The center's chairman, Amy Ridenour, denied Maddow's claims and described MSNBC's "editorializing" as "frequently outlandish." (Disclosure: Ridenour is a contributing writer to NewsBusters).

"But there is a difference between an over-the-top editorial and a harmful lie expressed with reckless disregard for the truth," stated Ridenour, a Comcast shareholder. "I have had check-signing authority at the National Center for our entire 30-year history, and I would know if we had ever once given cash to a member of Congress, and we haven't. We don't even make campaign contributions, and we don't hand out perks to anybody to affect legislation, and never have. We've only sponsored congressional travel for one member of Congress in 30 years," trips by DeLay in 1996 and 2000.

"Rachel Maddow's allegations are false, and I believe the network knew it had no evidence for them, yet broadcast them anyway," Ridenour stated further. "MSNBC has to know that credible bribery allegations against members of Congress get investigated by the Department of Justice, yet Rachel Maddow claimed we were -- apparently routinely -- bribing congressmen for about 10 years starting in the mid-1990s. Why were no congressmen charged, let alone convicted? Why wasn't I charged, as the sole CEO during that time? The answer is that there was nothing to charge: MSNBC made it up."

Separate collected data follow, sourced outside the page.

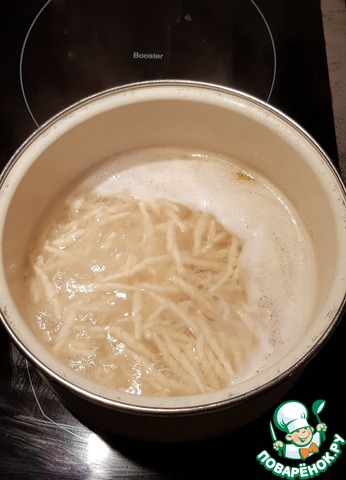 К картофелю добавьте трофи. Посолите. Варите согласно указанию на упаковке.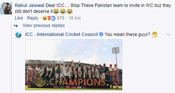 ورلڈ باڈی کے فیس بک پر ایک بھارتی شائق نے لکھا کہ 'پاکستانی ٹیم کو عالمی کپ میں دعوت دینا ختم کردیں کیوں کہ یہ اس کی مستحق نہیں'اس کے جواب میں آئی سی سی نے پاکستان کرکٹ ٹیم کی چیمپئنز ٹرافی جیتنے والی تصویر پوسٹ کردی۔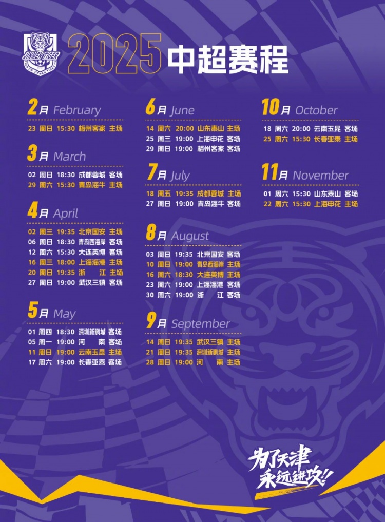 1.2025賽季中超聯(lián)賽天津津門虎隊(duì)全部主場(chǎng)賽事

In his challenge to Comcast CEO Brian Roberts, the center's general counsel Justin Danhof pointed out other "potential libel" on MSNBC -- "On March 23 and April 9, for example, your network falsely claimed the Koch brothers were connected to Trayvon Martin's death, and apparently you have refused to run a correction, even though unwarranted media attacks on the Kochs have resulted in death threats against individuals at their company. ... Chris Matthews said Republican primary voters are comparable to Grand Wizards of the Ku Klux Klan, then claimed he didn't mean to say it. Ed Schultz called Laura Ingraham a slut. Then, he apologized. But he has also claimed that Republicans want to see sick people die so they can make money off their corpses; that conservative commentators want to see Cheney shot; and he said of former Vice President Dick Cheney's heart, 'We ought to rip it out, kick it around, and stuff it back in him.' "

"Are MSNBC personnel unable to govern their own speech?" Danhof asked. "Or is all this outlandish talk just a formal company tactic designed to boost your ratings? And what, if anything, does Comcast do to prevent libel exposure?"

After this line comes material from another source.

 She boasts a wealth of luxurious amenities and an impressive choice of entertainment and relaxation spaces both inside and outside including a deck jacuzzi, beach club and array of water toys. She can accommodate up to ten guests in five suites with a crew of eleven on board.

Roberts said he was not familiar with the Maddow broadcast in question, according to the center's press release. "But I will tell you that we will look into it and we will get back to you," Roberts added. "Thank you for your comments."

Maddow is already embroiled in a defamation lawsuit brought by Christian evangelical rocker and radio host Bradlee Dean for alleging that he advocates execution of gays.

The National Center for Public Policy Research describes itself as a "conservative, free-market, non-profit think-tank" created in 1982 and supported by "voluntary gifts from over 100,000 individual recent supporters" and two percent of its revenue from corporate sources.